Zero-inflated ordered logit model
Stata’s new ziologit command fits zero-inflated ordered logit models.
Ordered logit regression is used to model ordered categorical responses, such as symptom severity recorded as none, mild, moderate, or severe. Larger values of such ordered outcomes represent higher levels, but the numeric value is irrelevant.
In some situations, more zeros (or more values in the lowest category) are observed in the data than would be expected by a traditional ordered logit model. A zero might represent the absence of a trait, while the remaining values represent increasing levels of the trait. Many zeros may be observed, some because the individual does not have the trait and some because an individual has the trait but exhibits the lowest level. For example:
In a study of alcohol consumption, some individuals report no consumption because they never drink alcohol, while others may report no alcohol consumption because they did not drink in the survey period.

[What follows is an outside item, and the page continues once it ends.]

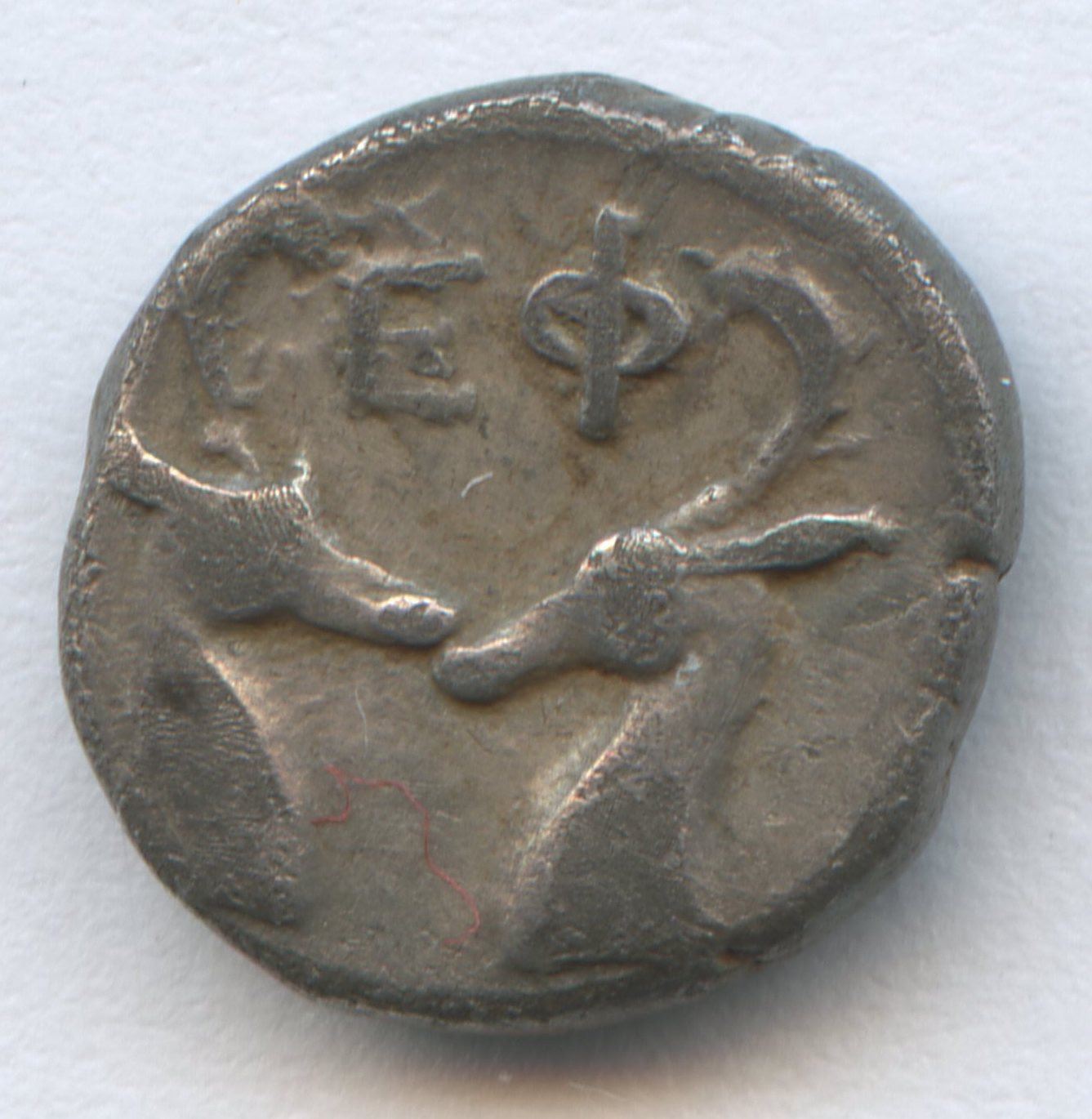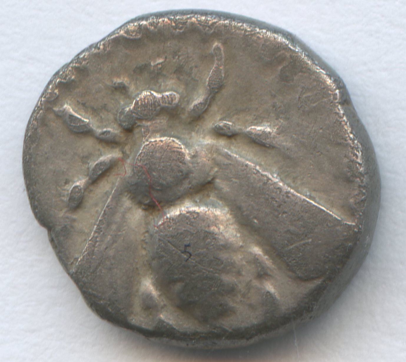 (10mm, 1.04g) Bee from top perspective. Rev: Confronted heads of stags. Reference: SNG Kayhan 194ff; good VF, nice bee design.

In a clinical trial of a treatment intended to shrink tumors, outcomes represent no improvement, partial response, or complete response. An individual may show no improvement because the tumor is resistant to treatment or because the tumor was treatable but did not shrink at the time of measurement. The distinction is important because treatable tumors are good candidates for a higher dose.
In contexts such as these, you can use a zero-inflated ordered logit (ZIOL) model. ZIOL models assume that the lowest-valued outcomes come from both a logit model and an ordered logit model, allowing different sets of predictors for each model.
Let’s see it work
Let’s use fictional data on daily cigarette consumption. The codebook command shows us the four levels of cigarette consumption.
More than half the respondents reported zero cigarette consumption. A zero may be reported for two reasons—because a respondent is always a nonsmoker or because a respondent is susceptible to smoking but did not smoke in the time period for which the data were collected. A traditional ordered logit model cannot distinguish between the two causes of zero cigarette consumption. The ZIOL model allows us to model the probability of being susceptible to smoking in addition to modeling level of consumption.
We fit the ZIOL model by using ziologit. We model the level of cigarette consumption as a function of education (education), income in $10,000s (income), and gender (female). We specify the inflate() option to model the probability of being a smoker as a function of education, income, and whether the respondent’s parents smoked (parent).
The first section of the table, labeled “tobacco”, reports results for the ordered logit model of cigarette consumption. The second section, labeled “inflate”, reports results for the logit model of the probability of being a smoker.
To more easily interpret the results from the first two sections, we request that ziologit show odds ratios rather than coefficients.
A $10,000 increase in annual income decreases the odds of being a smoker by a factor of 0.88 (12% decrease in odds) but, among smokers, increases the odds of higher cigarette consumption by a factor of 1.79 (79% increase in odds). This suggests that wealthier individuals are less likely to smoke, but if they do decide to smoke, they tend to smoke more cigarettes.
But what do these results mean in terms of the probability of exhibiting different smoking behavior? Suppose we want to know the relationship of cigarette consumption to income level. For that, we use the margins command. For annual incomes of $0, $50,000, $100,000, $150,00, and $200,000, we estimate the expected probabilities of each cigarette consumption level.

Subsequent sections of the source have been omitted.